In response, Maduro broke off relations with the United States and gave U.S. diplomats 72 hours to leave the country.

"We encourage other Western Hemisphere governments to recognize National Assembly President Guaido as the Interim President of Venezuela, and we will work constructively with them in support of his efforts to restore constitutional legitimacy," Trump added.

U.S. recognition of Guaido's claim was followed by Canada, the OAS, and a slew of Latin American countries including Brazil, Argentina, Chile and Colombia.

But Mexico and Spain, key actors in the Spanish-speaking world, withheld their support.

A senior administration official said the United States expects international actors who didn't recognize Maduro's reelection to side with Guaido.

"Consequently, the next act would be to recognize Juan Guaido as the legitimate president of Venezuela," said the official.

International support notwithstanding, Guaido's claim is mostly rhetorical unless Maduro chooses to loosen his grip on power.

"The next 48 hours are about whether they jail Guaido, whether he ends up in an embassy, whether he is already in the States, and what Maduro does to the U.S. embassy in Caracas," said Michael McCarthy, an expert on Venezuela at American University.

Trump administration officials said U.S. support of Guaido includes transferring sovereign power over international transactions to his interim government -- essentially giving him control over Venezuela's foreign assets.

But it's unclear whether the U.S. government has the power to do so immediately.

"Venezuela's lawyers will try to stop this. It's going to be pretty contested," said McCarthy.

"How they actually seize the assets -- there's still a U.S. court system, foreign immunity. There are major hurdles before you can deposit the cash," he added.

Still, the United States is vowing to increase pressure on Maduro while supporting Guaido.

The Trump administration has steadily increased sanctions on individuals and entities linked to the Maduro regime, including widespread sanctions on the gold trade, a major source of foreign currency for Venezuela.

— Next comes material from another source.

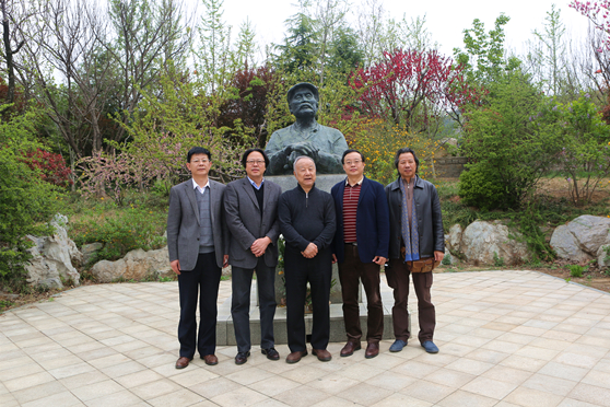 在图书馆,刘国松先生一行参观了校史馆、汉画像石馆和于希宁纪念馆,并欣然题字。他兴致勃勃的了解我校历史沿革、发展现状,观看了汉画像石的精美馆藏和于希宁先生捐赠学校的绘画作品。随后,一行人来到梅园,瞻仰了于希宁先生塑像,并合影留念。

Administration officials said further economic and diplomatic actions are on the table.

"Everything is on the table, all options, but on the economic sphere, if you look at what we've done, there is still a tremendous amount of leverage in our toolbox," said the senior official.

"In our sanctions we've barely scratched the surface on what actions the United States can take on an economic sanctions front," he added.

Administration officials have not publicly discussed military action against Venezuela, but warned against violent repercussions against Guaido and the National Assembly.

"We have a host of options, we will take every single one of those options seriously," said the administration official.

"[The Maduro regime has] no immediate future, they will have no immediate livelihood, and they will have their days counted," he added.

Still, the U.S. is looking for more international allies to join Guaido's camp and will seek to provoke a reaction that further mines Maduro's legitimacy, said McCarthy.

"The White House and others are still interested in continuing to prove to the world how authoritarian the government is, so it's a process of baiting them to make these mistakes," said McCarthy.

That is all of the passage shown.